[ACTIVITY]
Pictures are to be omitted, and every entry below is to be restated exactly.

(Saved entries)
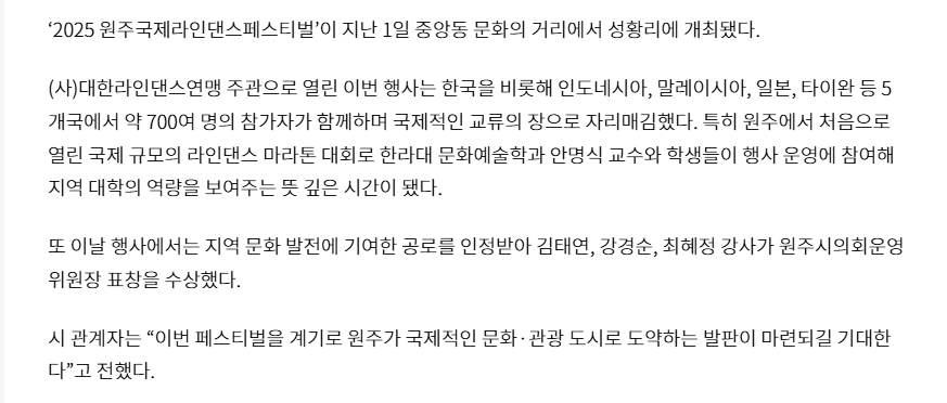 한라대 라인댄스팀, 국제 및 국내대회 1위 입상(강원일보)
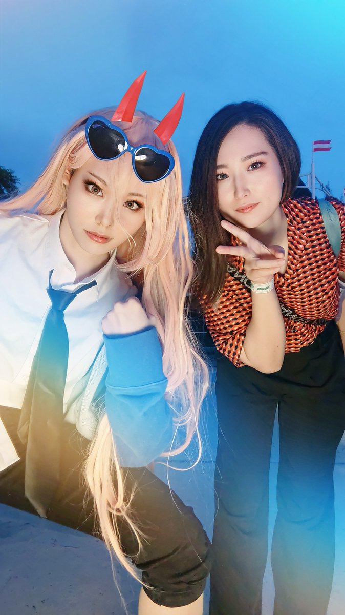 やっちとアカソラさんとの 最高にHappyなお写真💖🏖 我はチェーンソーマンのパワー #ラグコス2023 #ラグコス2023夏 #コスプレ #cosplayer
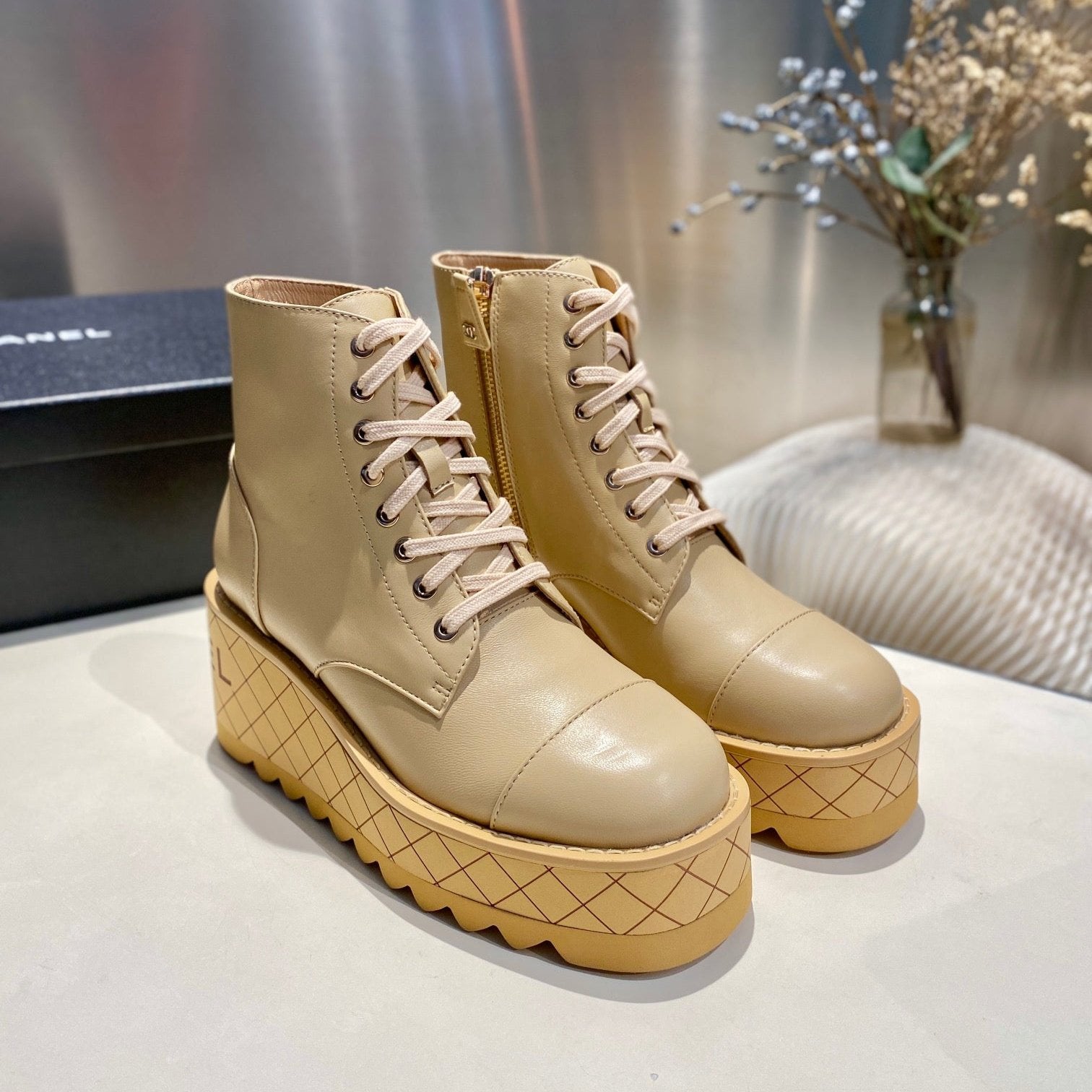 CC Ankle Boots 100m Beige Lambskin
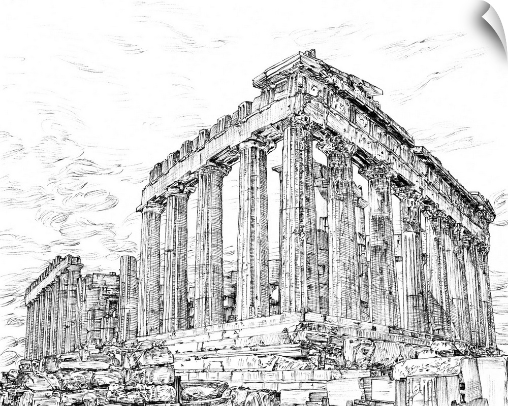 Architecture Art Black and White Wall Art Decorative Art Drawing Greece Athens Melissa Wang
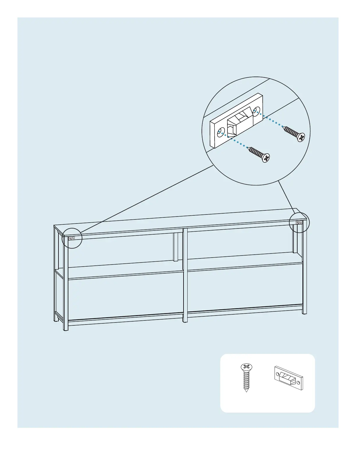 ATTACH ANTI-TIP BRACKET TO BOOKCASE.
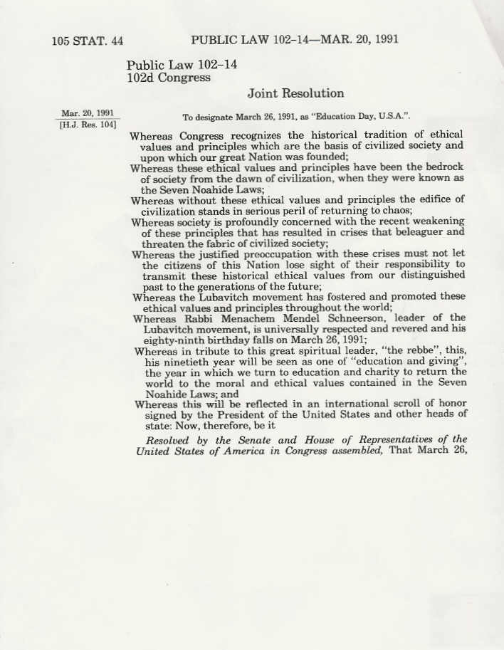 Every President since has endorsed approbation for continuing the Seven Noahide Laws through each administration, regardless of Party. The seven laws for the descendants of Noah (everybody in that interpretation) precludes worshiping idols (outside the home like Christianity or Allah/Mohammed) and the penalty is death by decapitation.
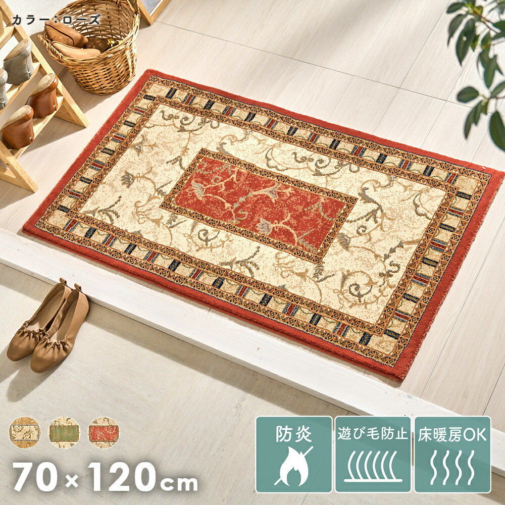 【送料無料】玄関マット 異国情緒あふれるエスニックな雰囲気のマット <べジー ベージュ>【 玄関マット 】ナチュラルテイスト マット ポリエステル 遊び毛防止 床暖房OK オールシーズン クラシカル 柄物 高級 おしゃれ かっこいい 柔らか 室内 軽量 ベージュ 70cm×120cm 日本製

[SOLVED EXERCISE]
 한라대 라인댄스팀, 국제 및 국내대회 1위 입상(강원일보)
 やっちとアカソラさんとの 最高にHappyなお写真💖🏖 我はチェーンソーマンのパワー #ラグコス2023 #ラグコス2023夏 #コスプレ #cosplayer
 CC Ankle Boots 100m Beige Lambskin
 Architecture Art Black and White Wall Art Decorative Art Drawing Greece Athens Melissa Wang
 ATTACH ANTI-TIP BRACKET TO BOOKCASE.
 Every President since has endorsed approbation for continuing the Seven Noahide Laws through each administration, regardless of Party. The seven laws for the descendants of Noah (everybody in that interpretation) precludes worshiping idols (outside the home like Christianity or Allah/Mohammed) and the penalty is death by decapitation.
 【送料無料】玄関マット 異国情緒あふれるエスニックな雰囲気のマット <べジー ベージュ>【 玄関マット 】ナチュラルテイスト マット ポリエステル 遊び毛防止 床暖房OK オールシーズン クラシカル 柄物 高級 おしゃれ かっこいい 柔らか 室内 軽量 ベージュ 70cm×120cm 日本製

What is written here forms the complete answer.